(Task description)
The expected answer is the data below, printed verbatim without its pictures.
═══ Dataset section
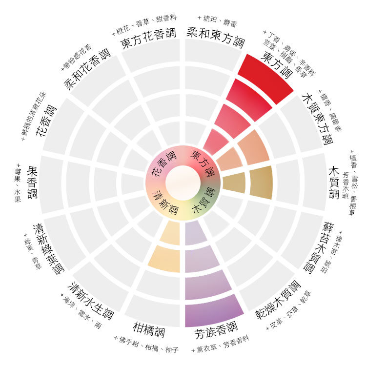 經典的辛香調香氣,以迷迭香以及清透的尤加利作為香調開頭,中後味是稍微強烈的樟腦、荳蔻,讓這股香氣有著絕對存在感!
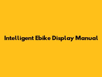 Intelligent Ebike Display: Your Go-To Manual
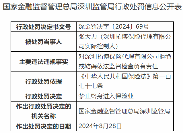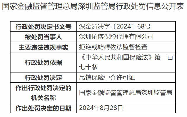 深圳拓博保险代理有限公司因拒绝或妨碍依法监督检查被吊销牌照,实控人收终身进入保险业处罚
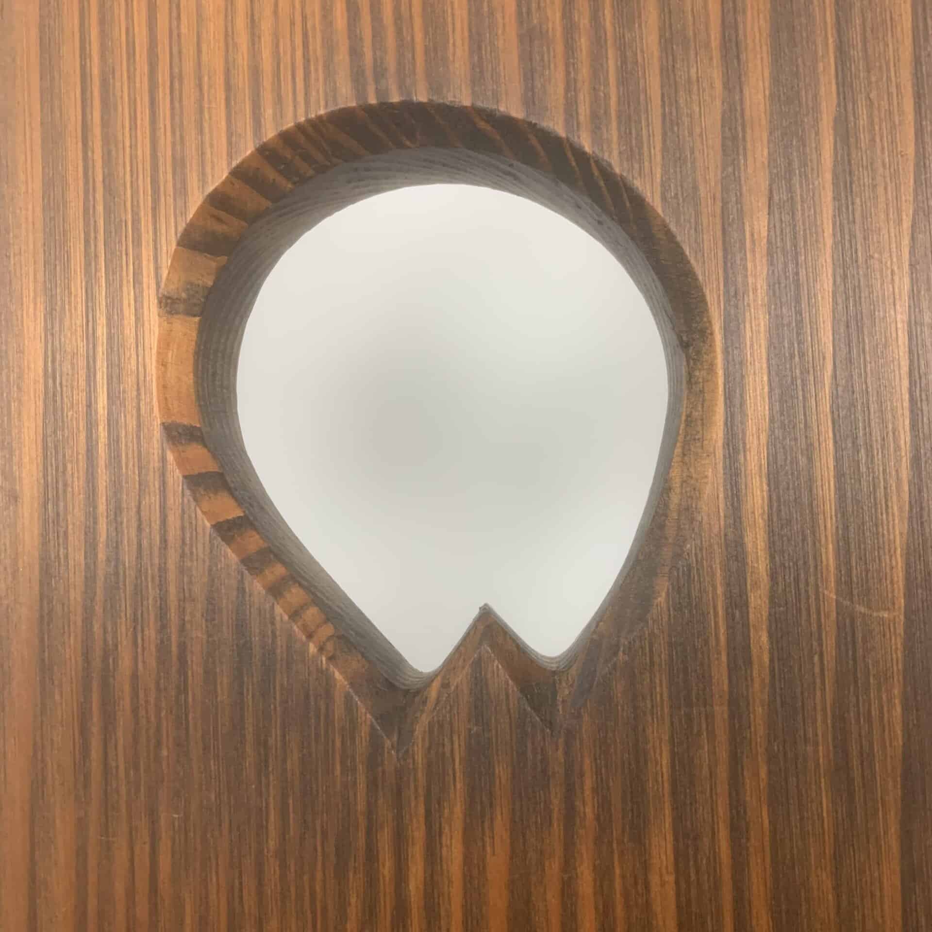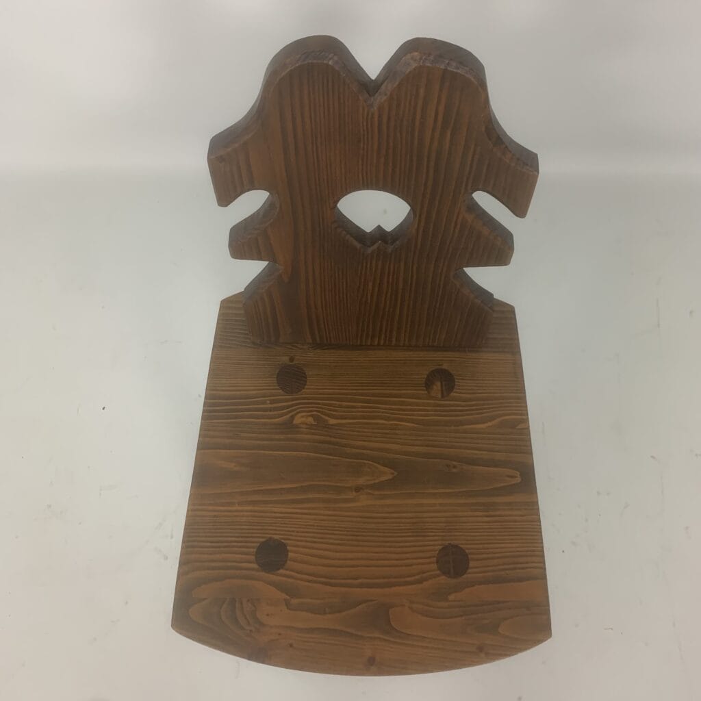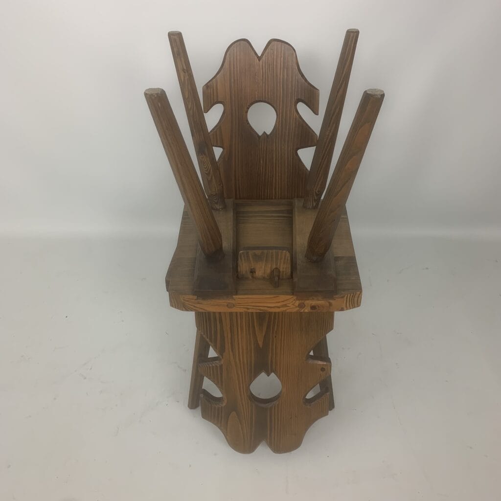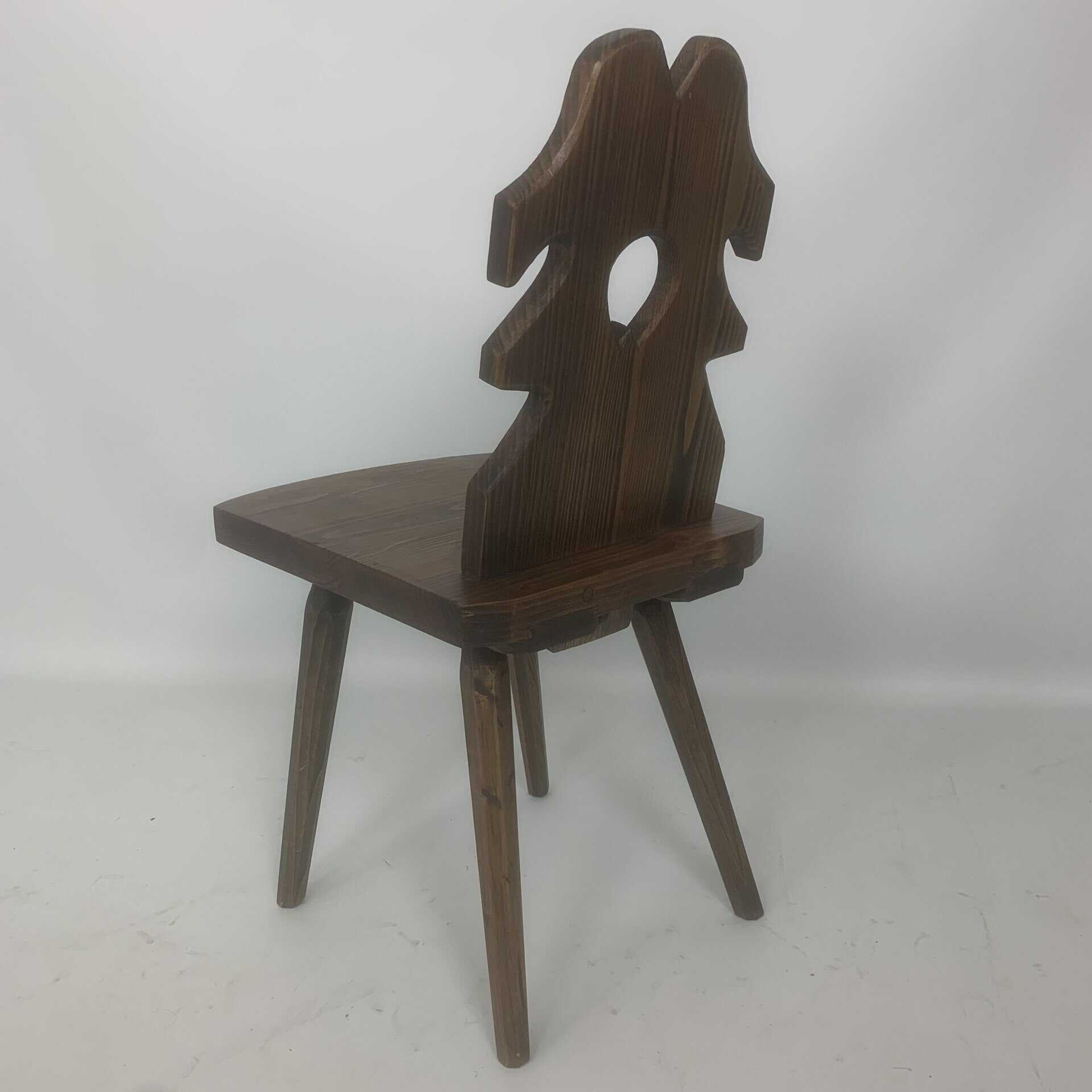 Dark stained solid wood. Raw, bold, and heavy in presence, with chunky lines and sculptural backs. The visible grain adds to the rustic-modern appeal. The round plugs visible on the seat suggest traditional mortise-and-tenon joinery, pegged through the seat for extra strength
══════
(Answer to this problem)
 經典的辛香調香氣,以迷迭香以及清透的尤加利作為香調開頭,中後味是稍微強烈的樟腦、荳蔻,讓這股香氣有著絕對存在感!
 Intelligent Ebike Display: Your Go-To Manual
 深圳拓博保险代理有限公司因拒绝或妨碍依法监督检查被吊销牌照,实控人收终身进入保险业处罚
 Dark stained solid wood. Raw, bold, and heavy in presence, with chunky lines and sculptural backs. The visible grain adds to the rustic-modern appeal. The round plugs visible on the seat suggest traditional mortise-and-tenon joinery, pegged through the seat for extra strength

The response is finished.